Is there a way to get tivo stream 4k to show that a new episode of mandalorian is available ? 

It's not even showing up in the top 14 of the "Trending" row. 

The new episode doesn't show up when i got into My Shows, Mandalorian, Episodes, scroll thru season 2.. Episode 6 is not there yet. 

Why should i use the TiVo stream interface ?


----------



## HTRon (Feb 23, 2007)

ooooh, can someone comment on this post? I'd really like to find out the answer before I invest in a stream, because this is one of the precise reasons I would want one...but not if this doesn't work!


----------



## SugarBowl (Jan 5, 2007)

It doesn't work. Here we are at another Friday. Tivo Stream does not list the mandalorian S2 E7 which came out last night. 

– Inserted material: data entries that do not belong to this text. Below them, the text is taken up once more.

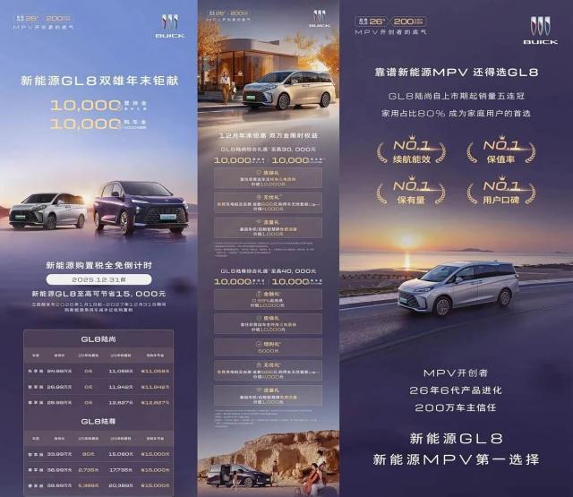 别克GL8陆尚和GL8陆尊推出了年末限时购车福利:即日起至12月31日,可享受5000元定金抵10000元的膨胀购车金,以及10000元置换金等优惠。同时,年底前购车还能享受购置税全免。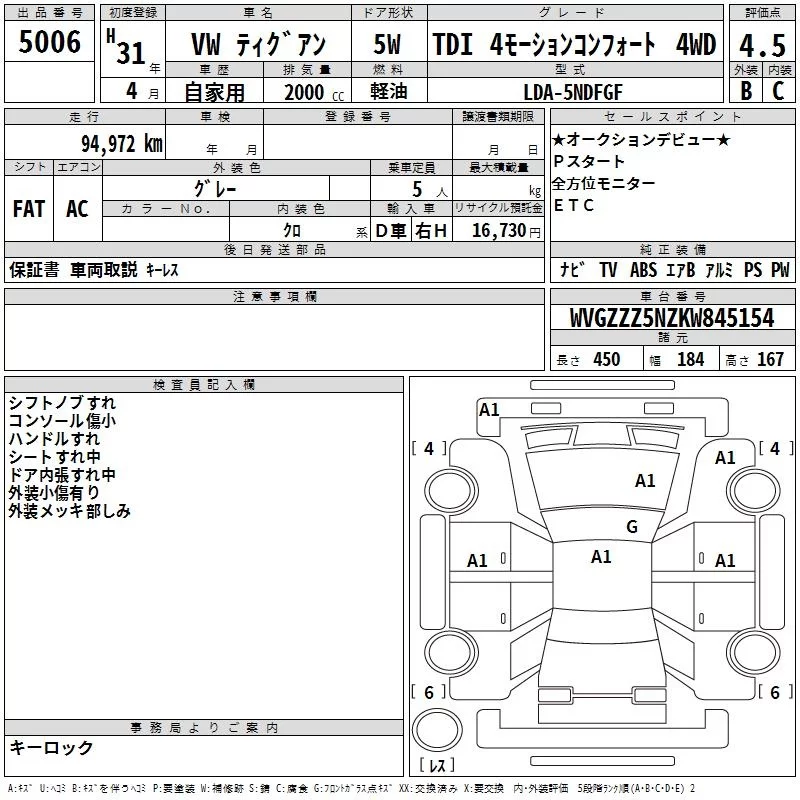 Volkswagen TIGUAN с аукциона Японии TAA Shikoku лот № 5006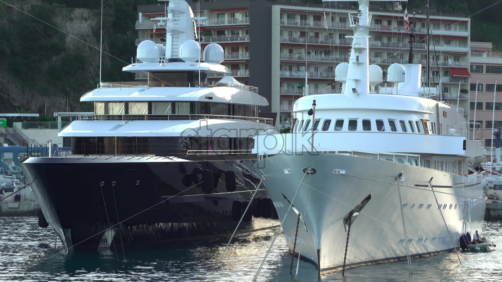 La Condamine, Monaco – July 4, 2025: Row of sleek luxury yachts, docked in Port Hercules with the Monaco cityscape and misty hills in the background Royalty Free Stock Video Footage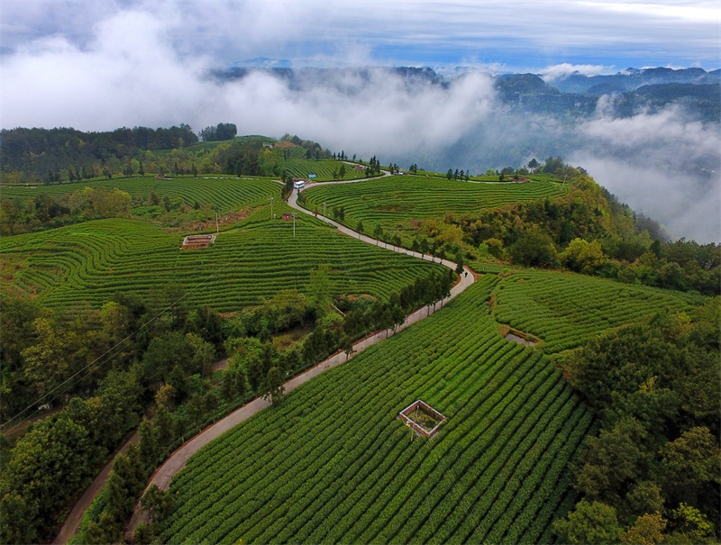 群山连绵,松竹为伴,茶梯层叠,山被茶包围,茶将山浸润,这里是产茶历史悠久的旺苍县米仓山。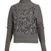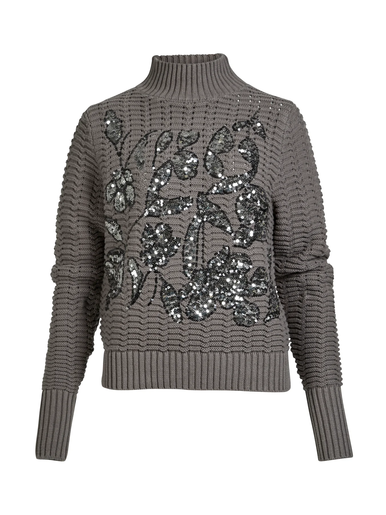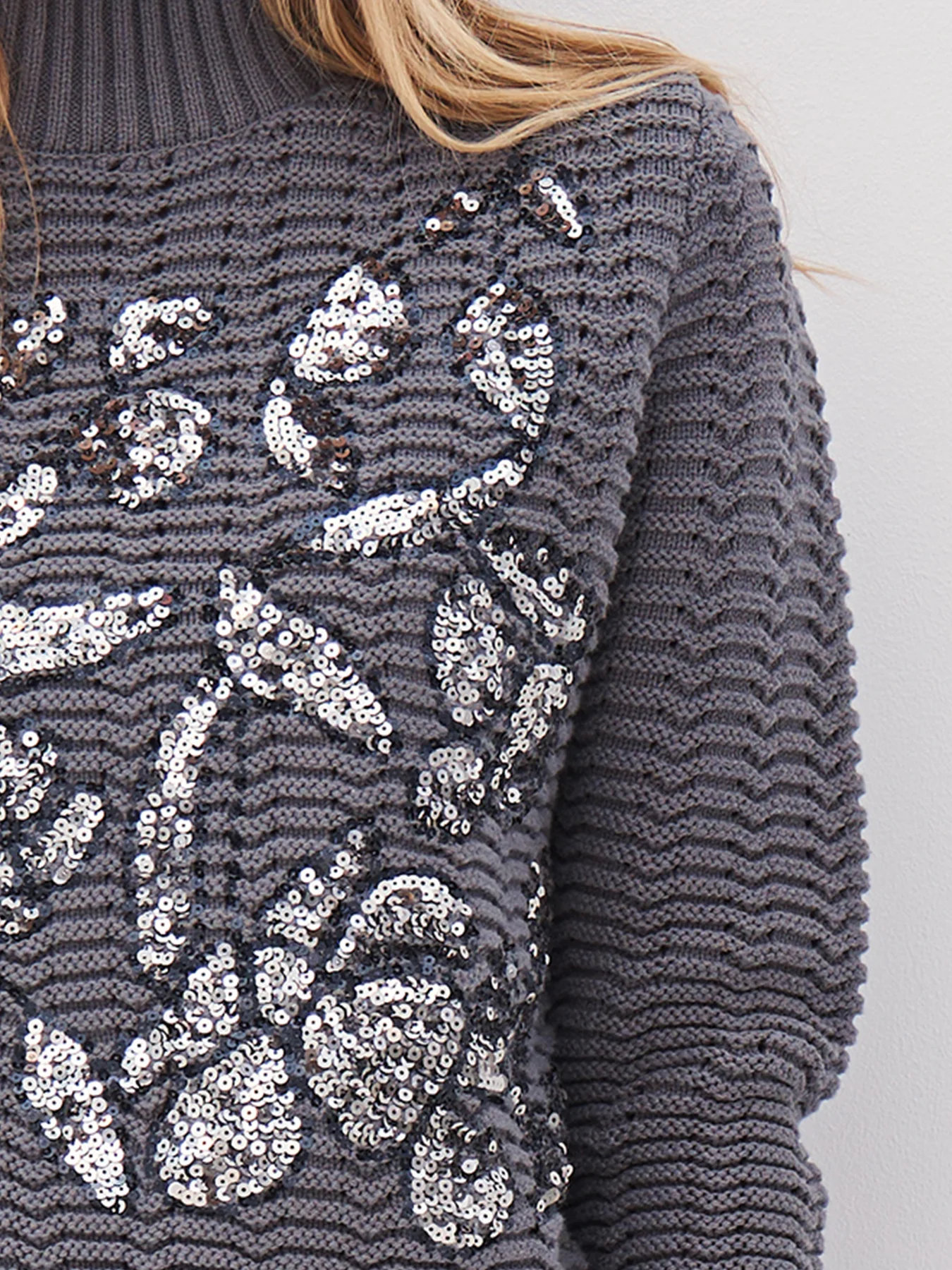 Este suéter de punto combina comodidad y glamour gracias a su estampado de lentejuelas en la parte delantera. Tejido con una estructura definida y un patrón ondulado, presenta un cuello alto de canalé que le aporta un toque cálido y elegante. Los puños y el bajo de canalé completan su diseño equilibrado.

Mandalorian is not displayed on the 'Trending' row of Tivo Stream home. Apparently, more people are watching 'Euphoria' from Vudu.


----------



## Alex_7 (Jun 24, 2020)

SugarBowl said:


> It doesn't work. Here we are at another Friday. Tivo Stream does not list the mandalorian S2 E7 which came out last night.
> 
> Mandalorian is not displayed on the 'Trending' row of Tivo Stream home. Apparently, more people are watching 'Euphoria' from Vudu.


I suggest Reelgood or Justwatch


----------